The lines in the listing below are to be given again exactly, starting at the line holding "图 3 (a) 束缚在硅中孤立P杂质原子上的电子基态1sA1多谷耦合波函数;" and ending at the line holding "মসজিদ কমিটির সভাপতি". Do not include pictures.

■ Data:
────────────────────

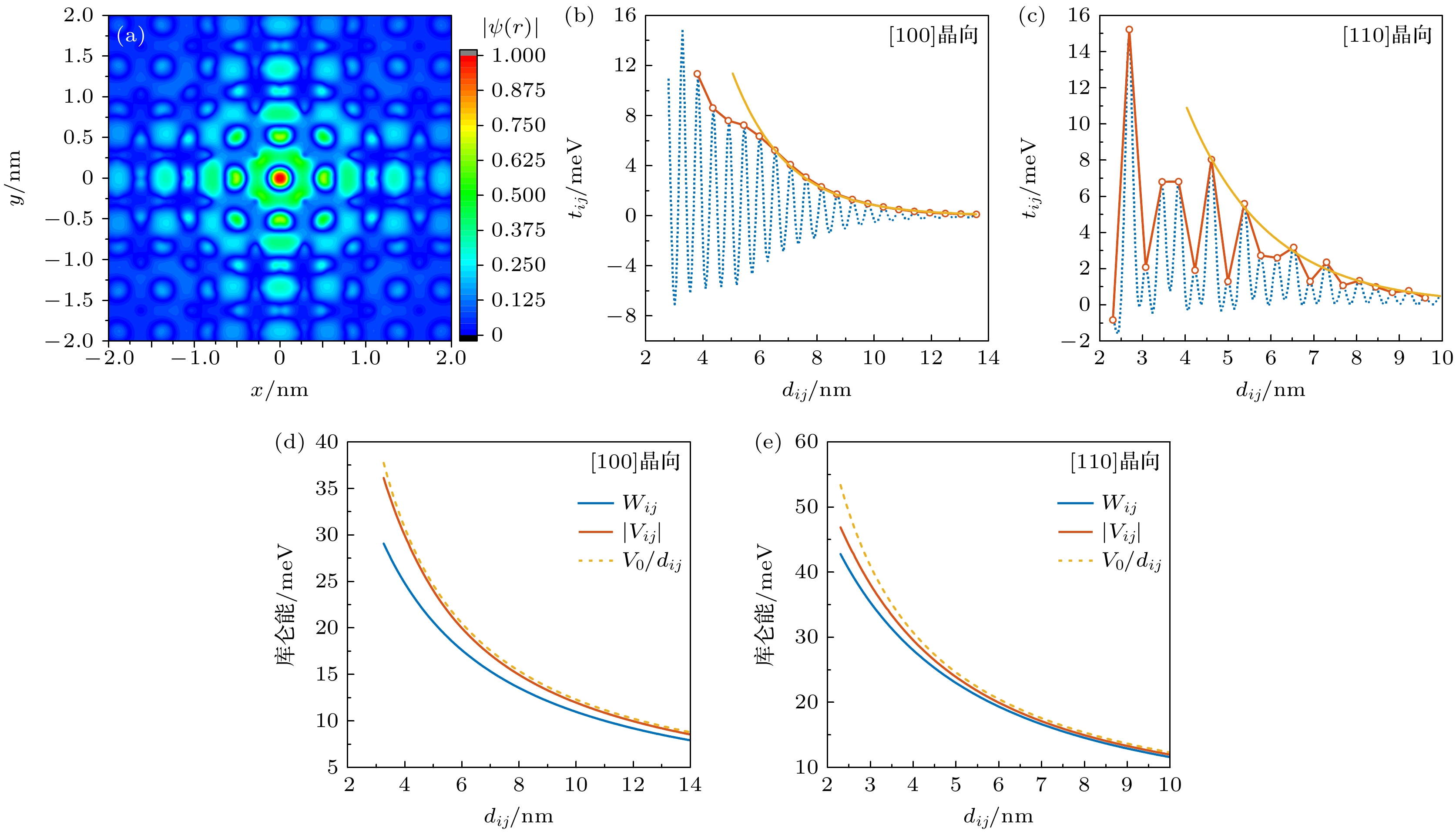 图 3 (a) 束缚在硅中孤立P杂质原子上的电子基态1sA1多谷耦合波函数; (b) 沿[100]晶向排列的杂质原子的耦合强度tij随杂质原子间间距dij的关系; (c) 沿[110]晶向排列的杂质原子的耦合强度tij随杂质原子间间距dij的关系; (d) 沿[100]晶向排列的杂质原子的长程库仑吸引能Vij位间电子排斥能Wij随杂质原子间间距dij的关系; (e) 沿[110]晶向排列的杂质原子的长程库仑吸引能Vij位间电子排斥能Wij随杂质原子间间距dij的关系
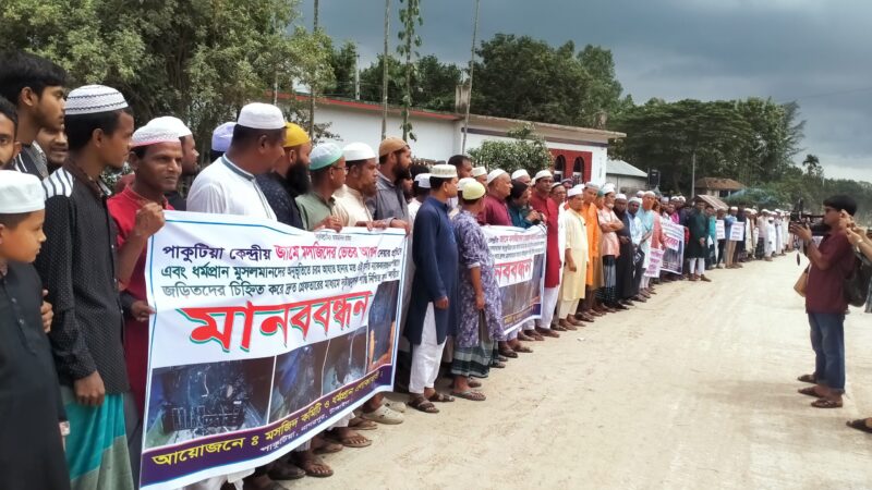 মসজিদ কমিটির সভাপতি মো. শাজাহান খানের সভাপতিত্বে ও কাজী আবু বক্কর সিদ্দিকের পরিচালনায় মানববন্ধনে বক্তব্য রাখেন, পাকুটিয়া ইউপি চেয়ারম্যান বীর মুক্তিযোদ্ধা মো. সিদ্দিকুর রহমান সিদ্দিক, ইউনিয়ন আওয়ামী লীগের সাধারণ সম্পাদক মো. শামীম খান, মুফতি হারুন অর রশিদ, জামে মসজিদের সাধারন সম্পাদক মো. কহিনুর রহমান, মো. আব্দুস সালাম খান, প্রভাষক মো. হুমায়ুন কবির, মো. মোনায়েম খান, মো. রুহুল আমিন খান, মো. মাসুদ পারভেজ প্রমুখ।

────────────────────

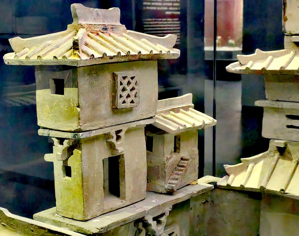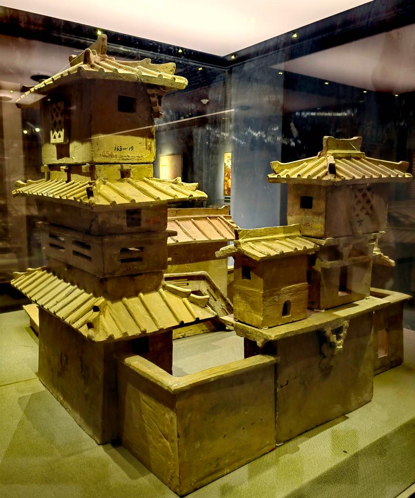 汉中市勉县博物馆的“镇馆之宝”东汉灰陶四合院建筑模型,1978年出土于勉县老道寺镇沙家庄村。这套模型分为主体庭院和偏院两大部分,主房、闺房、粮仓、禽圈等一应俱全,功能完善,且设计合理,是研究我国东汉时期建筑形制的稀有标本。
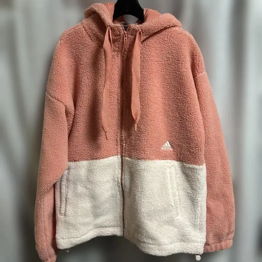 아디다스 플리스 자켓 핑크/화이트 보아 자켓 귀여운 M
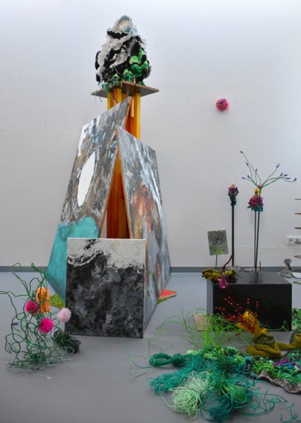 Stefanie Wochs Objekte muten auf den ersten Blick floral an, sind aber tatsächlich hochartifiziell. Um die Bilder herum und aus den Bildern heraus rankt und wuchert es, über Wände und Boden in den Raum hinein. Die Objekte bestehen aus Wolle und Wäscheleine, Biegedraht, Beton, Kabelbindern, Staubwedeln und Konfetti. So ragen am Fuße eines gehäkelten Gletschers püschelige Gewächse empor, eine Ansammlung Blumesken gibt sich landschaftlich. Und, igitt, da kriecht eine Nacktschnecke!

────────────────────

■ Written response:
 图 3 (a) 束缚在硅中孤立P杂质原子上的电子基态1sA1多谷耦合波函数; (b) 沿[100]晶向排列的杂质原子的耦合强度tij随杂质原子间间距dij的关系; (c) 沿[110]晶向排列的杂质原子的耦合强度tij随杂质原子间间距dij的关系; (d) 沿[100]晶向排列的杂质原子的长程库仑吸引能Vij位间电子排斥能Wij随杂质原子间间距dij的关系; (e) 沿[110]晶向排列的杂质原子的长程库仑吸引能Vij位间电子排斥能Wij随杂质原子间间距dij的关系
 মসজিদ কমিটির সভাপতি মো. শাজাহান খানের সভাপতিত্বে ও কাজী আবু বক্কর সিদ্দিকের পরিচালনায় মানববন্ধনে বক্তব্য রাখেন, পাকুটিয়া ইউপি চেয়ারম্যান বীর মুক্তিযোদ্ধা মো. সিদ্দিকুর রহমান সিদ্দিক, ইউনিয়ন আওয়ামী লীগের সাধারণ সম্পাদক মো. শামীম খান, মুফতি হারুন অর রশিদ, জামে মসজিদের সাধারন সম্পাদক মো. কহিনুর রহমান, মো. আব্দুস সালাম খান, প্রভাষক মো. হুমায়ুন কবির, মো. মোনায়েম খান, মো. রুহুল আমিন খান, মো. মাসুদ পারভেজ প্রমুখ।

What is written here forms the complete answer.